The American Thyroid Association has awarded a 2018 Research Grant to Miles Miller, PhD, principal investigator at the Massachusetts General Hospital Center for Systems Biology and Assistant Professor of Radiology at Harvard Medical School. Dr. Miller's research project is titled "Co-opting tumor-associated macrophages in anaplastic thyroid cancer to enhance immune-checkpoint blockade response."

Treatment of advanced metastatic cancer has seen a revolution over the last several years, as new therapeutic strategies have become successful at harnessing the power of the immune system to durably attack malignant and mutated cancer cells. Immune-checkpoint blockade therapies targeting programmed-death 1 (PD1) signaling on T-cells have been successful in the treatment of solid cancers, including heavily mutated melanomas and lung cancers. Unfortunately, these treatments only work in a fraction of patients, and resistance is often associated with the presence of a type of tumor-promoting immune cell: the tumor-associated macrophage. Highly aggressive anaplastic thyroid cancers (ATC) can contain extremely high levels of these macrophages, which may be why drug resistance is so common in these cancers.

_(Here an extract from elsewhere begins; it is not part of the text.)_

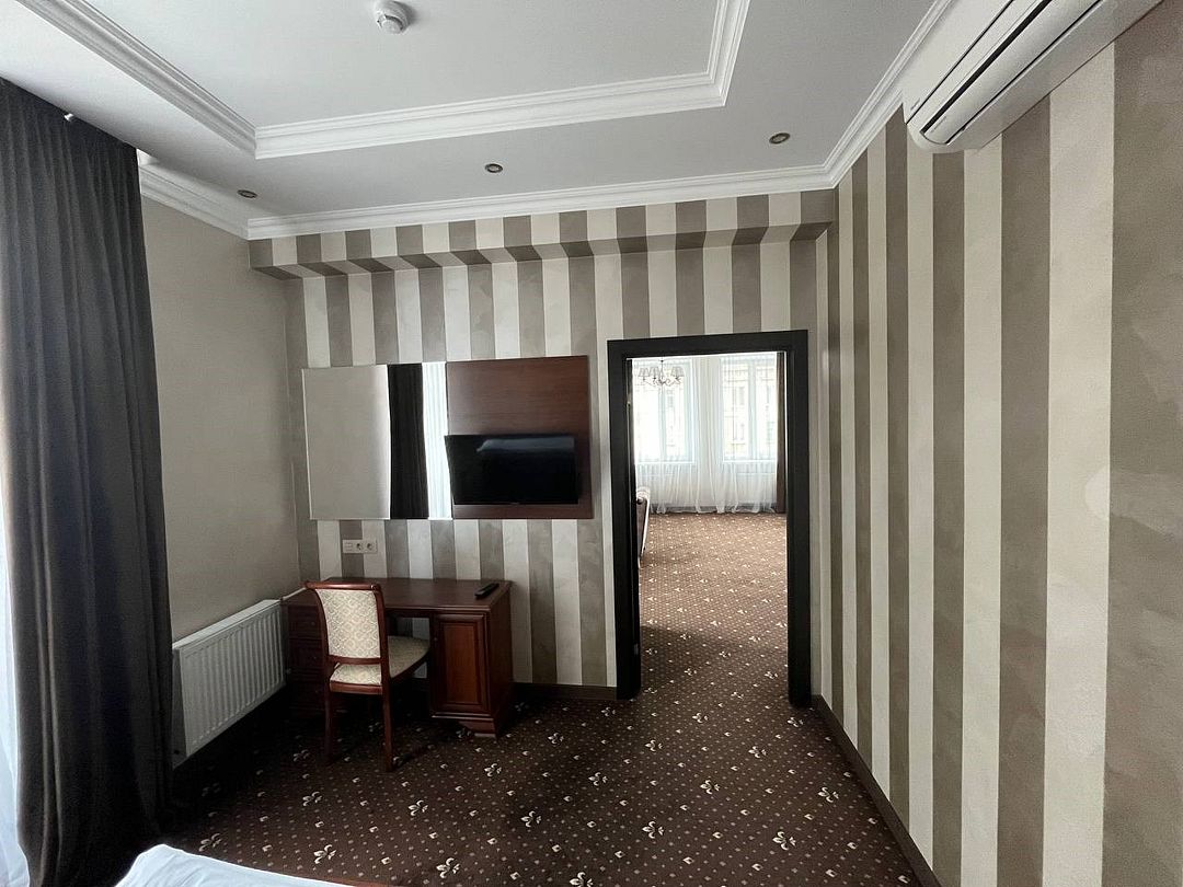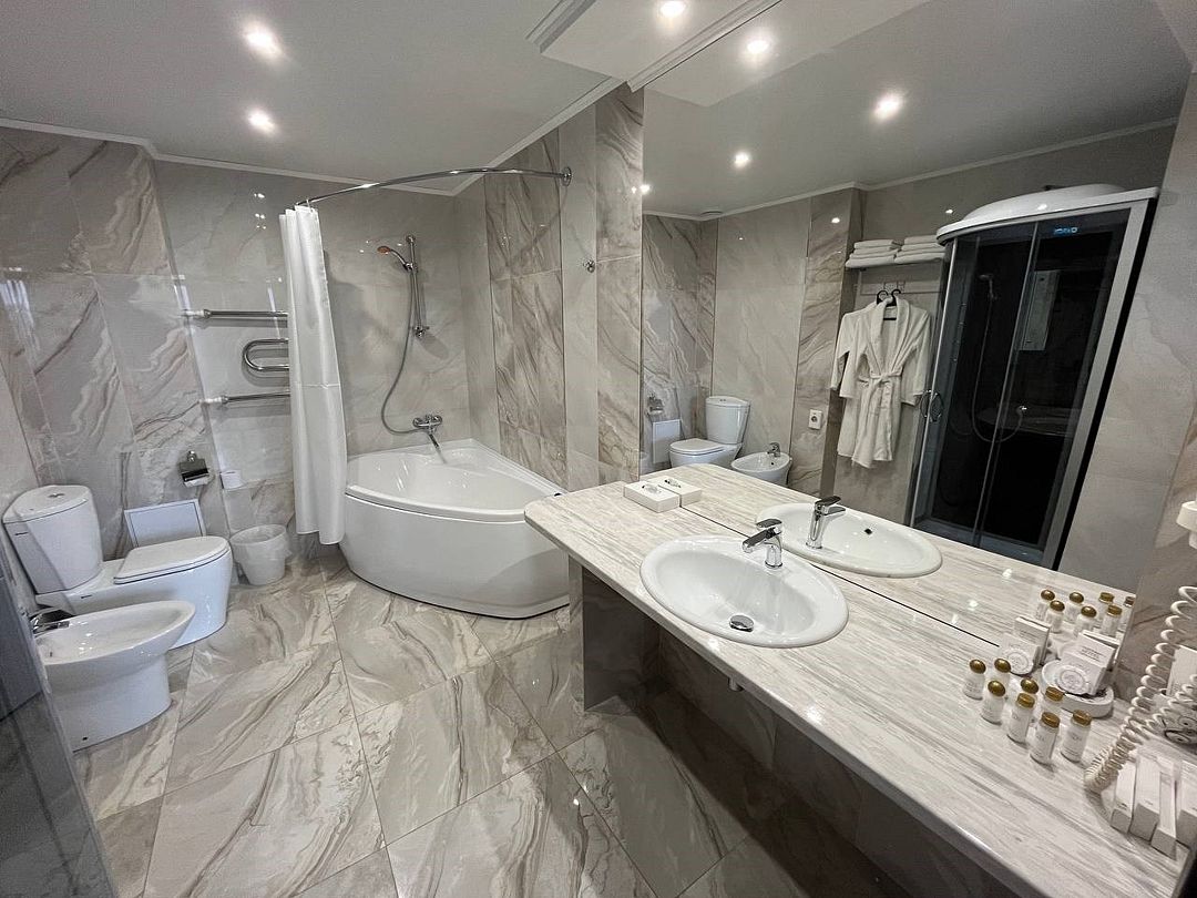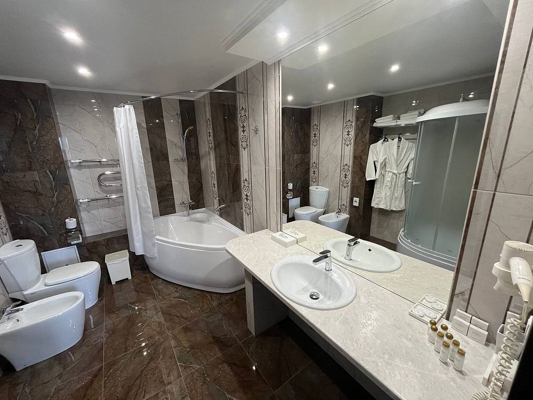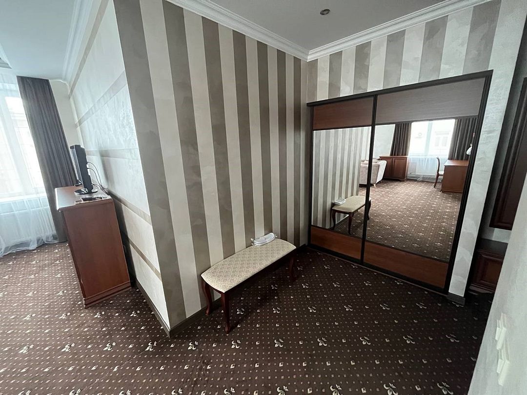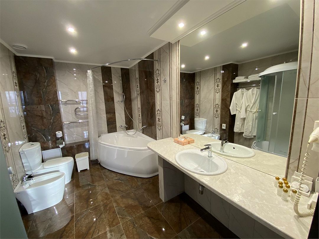 два телевизора, спутниковое телевидение, кабельное телевидение, Wi-Fi, интернет, кондиционер, светильник, фен, система безопасности, электронные замки, обогреватель, ванная комната, душевая кабина, ванна, ванна или душевая кабина, биде, банные принадлежности, халаты, банные полотенца, тапочки, гигиенические средства, косметические средства, двуспальная кровать, диван, кресла, тумбы, стулья, шкаф для одежды, вешалки, журнальный столик, письменный стол, багажная тумба, зеркало, комод, пуфики, ковер, мебельный гарнитур, две комнаты, мини-бар, письменные принадлежности, чайный набор, набор посуды, обслуживание номеров, информационная карта, меню, сейф, чайник, унитаз, раковина, мягкая мебель, косметическое зеркало, питьевая вода, ковровое покрытие, отопление, кулер на этаже, вид во двор, кухонная посуда, стаканы, столовые приборы, туалетный столик, стул, тумба, туалетный столик, туалетные средства, цифровое тв, внутренний телефон, телевизор с плоским экраном, мини-холодильник, шкаф-купе, номер для некурящих, USB-порт, онлайн-регистрация до заезда, оснащение для гостей с ограниченными возможностями, межкомнатная дверь, уборка номера, набор для приготовления чая и кофе, услуги прачечной (платно), туалетные принадлежности премиум-класса, вешалки-плечики, бутилированная вода, мини-бар (платно), шапочка для душа, мыло, затемняющая штора, зеркало в полный рост, прачечная (за дополнительную плату), онлайн-регистрация, косметические принадлежности премиум-классаВ гостиничном номере

Although ATC represents less than 10% of thyroid malignancies worldwide, it contributes to a disproportionately high fraction of deaths from thyroid cancer, ranging from 15 to 50% by some estimates. Ongoing clinical trials are testing PD1-targeted immunotherapy, but initial indications suggest large numbers of patients will not see durable responses. Thus, a clear need exists to understand the mechanisms: Why doesn't ATC respond better to immune-checkpoint blockade or to other advanced biologic therapies? New strategies against the disease are urgently needed.

This project will bring together new techniques for simultaneously imaging the delivery and action of biologics in tumors in vivo, combined with expertise in mouse models of metastatic thyroid cancer, to offer fundamental, mechanistic knowledge of how specific drugs work or fail in ATC. Strikingly little is known about how much of a given drug accumulates in ATC, what the heterogeneity of drug accumulation is across primary tumors and metastases, and how drug exposure ultimately impacts response or nonresponse.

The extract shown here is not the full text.